→ Data extract
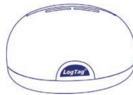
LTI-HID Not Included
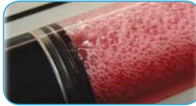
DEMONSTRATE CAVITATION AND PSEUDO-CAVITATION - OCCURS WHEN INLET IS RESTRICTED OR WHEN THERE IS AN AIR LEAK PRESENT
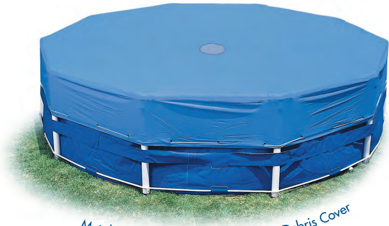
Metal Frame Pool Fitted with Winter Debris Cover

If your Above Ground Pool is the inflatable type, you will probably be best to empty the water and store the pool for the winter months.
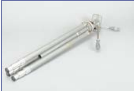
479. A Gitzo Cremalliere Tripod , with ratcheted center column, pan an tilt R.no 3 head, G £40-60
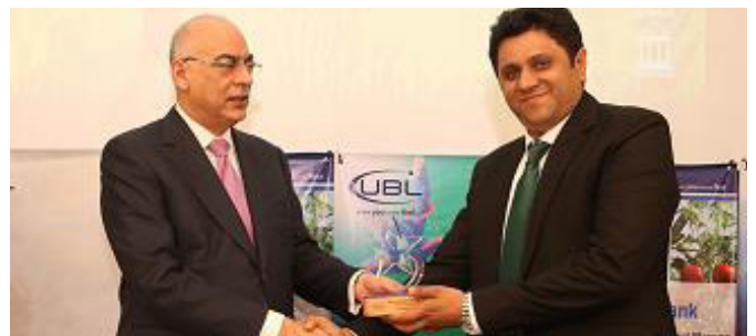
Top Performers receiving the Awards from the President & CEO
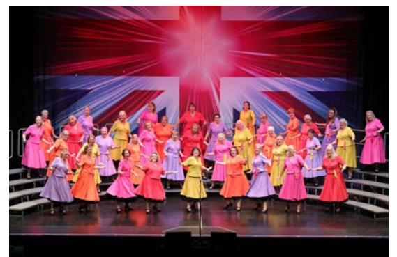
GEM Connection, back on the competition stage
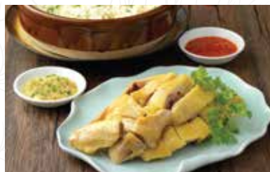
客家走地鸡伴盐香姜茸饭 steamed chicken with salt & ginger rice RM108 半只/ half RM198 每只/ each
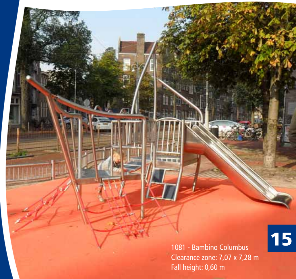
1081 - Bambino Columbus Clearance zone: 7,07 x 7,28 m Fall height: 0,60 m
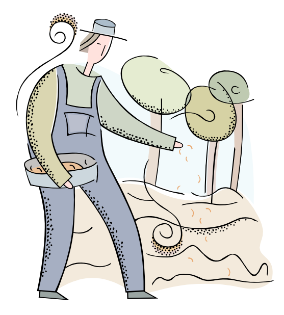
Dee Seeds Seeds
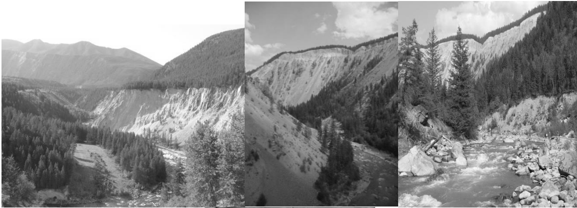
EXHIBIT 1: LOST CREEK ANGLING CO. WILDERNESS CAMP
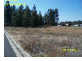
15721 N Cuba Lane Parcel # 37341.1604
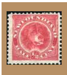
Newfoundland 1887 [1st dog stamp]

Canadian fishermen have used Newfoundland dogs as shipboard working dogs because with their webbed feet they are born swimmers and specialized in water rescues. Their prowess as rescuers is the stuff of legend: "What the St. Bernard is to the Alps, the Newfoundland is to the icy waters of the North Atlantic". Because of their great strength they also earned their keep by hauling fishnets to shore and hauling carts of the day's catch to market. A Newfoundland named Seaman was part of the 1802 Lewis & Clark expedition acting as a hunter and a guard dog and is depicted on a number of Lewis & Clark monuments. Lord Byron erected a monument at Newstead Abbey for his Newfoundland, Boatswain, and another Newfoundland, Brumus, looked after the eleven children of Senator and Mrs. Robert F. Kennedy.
==
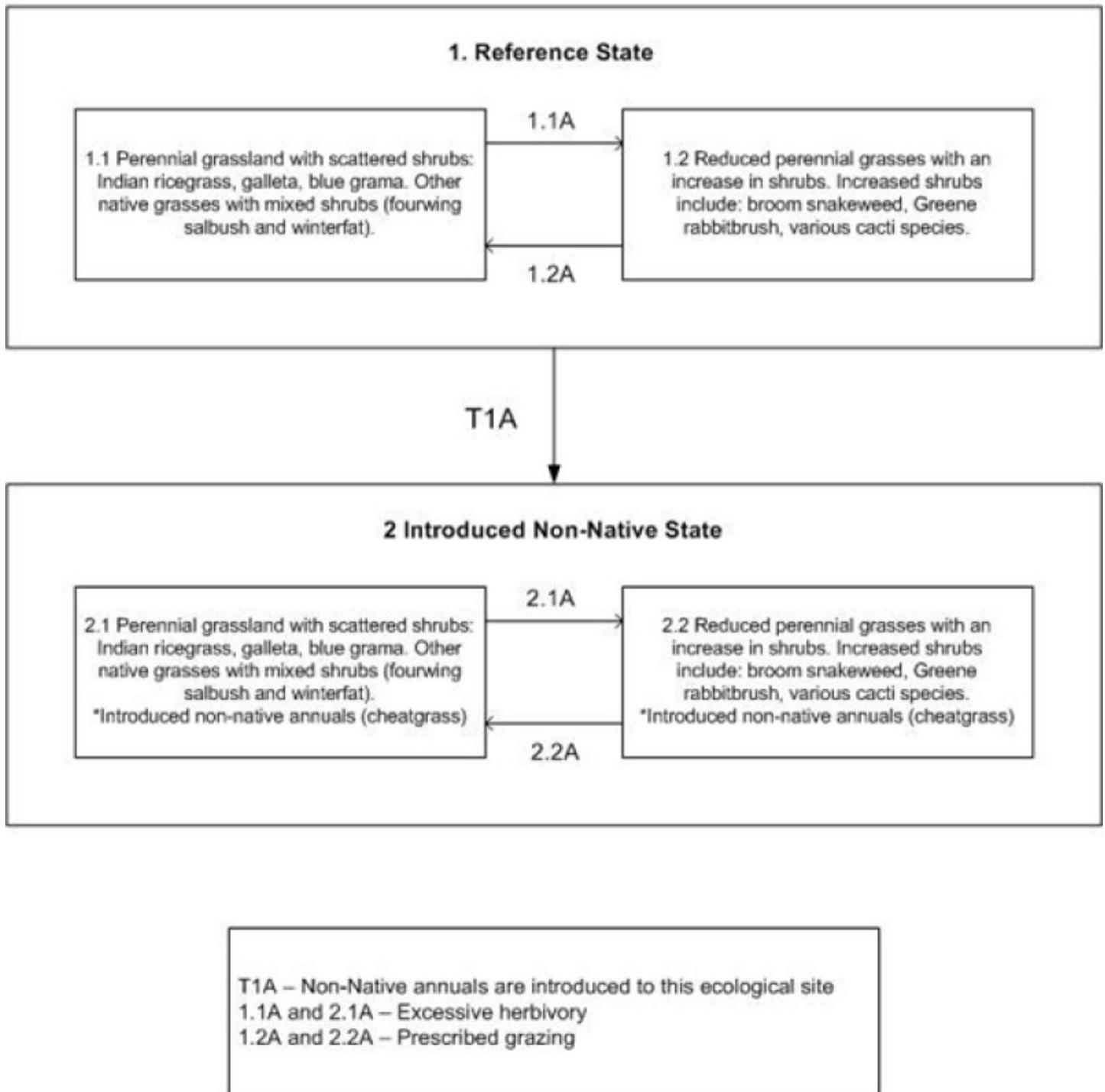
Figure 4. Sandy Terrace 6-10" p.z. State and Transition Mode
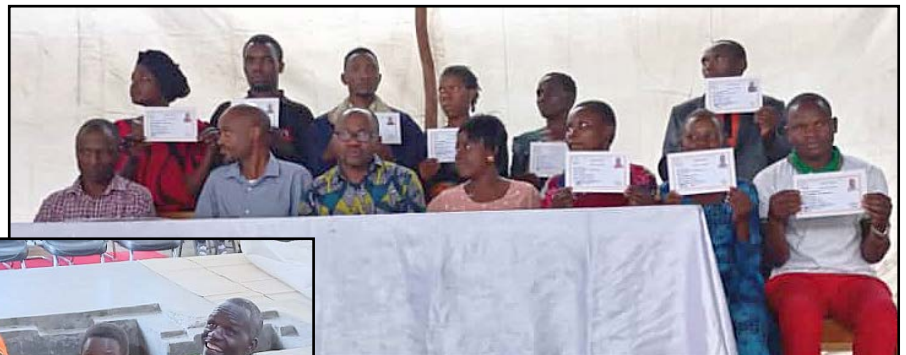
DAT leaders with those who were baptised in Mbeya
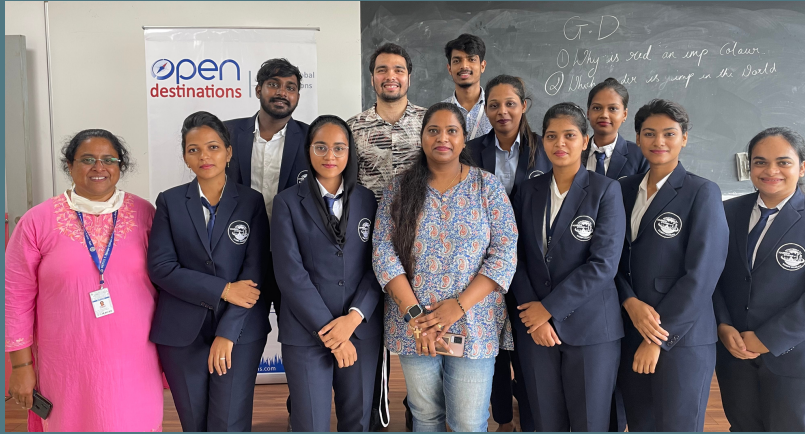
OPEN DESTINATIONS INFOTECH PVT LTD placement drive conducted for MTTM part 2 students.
* * *
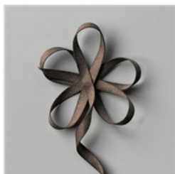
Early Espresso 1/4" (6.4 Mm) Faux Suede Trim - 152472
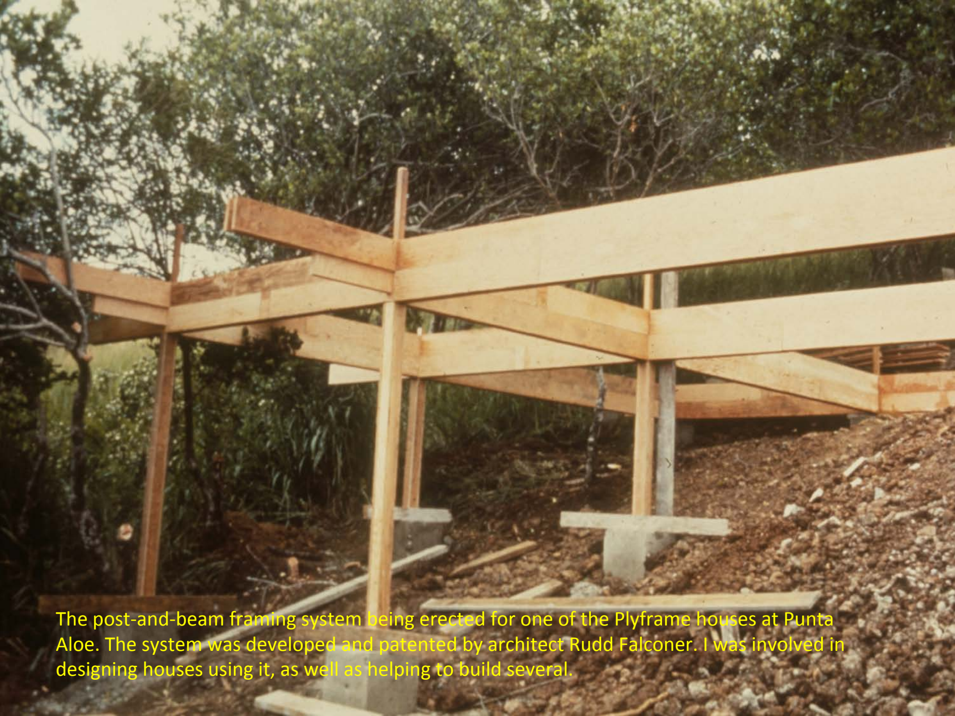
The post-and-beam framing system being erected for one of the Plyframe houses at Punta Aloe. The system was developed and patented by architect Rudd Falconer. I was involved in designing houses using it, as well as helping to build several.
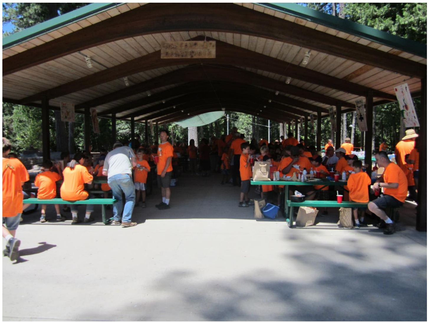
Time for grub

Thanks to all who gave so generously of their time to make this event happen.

→ Required work
If a line in the entries above contains "Pool", it counts toward the total; give only that total.

→ Reply
2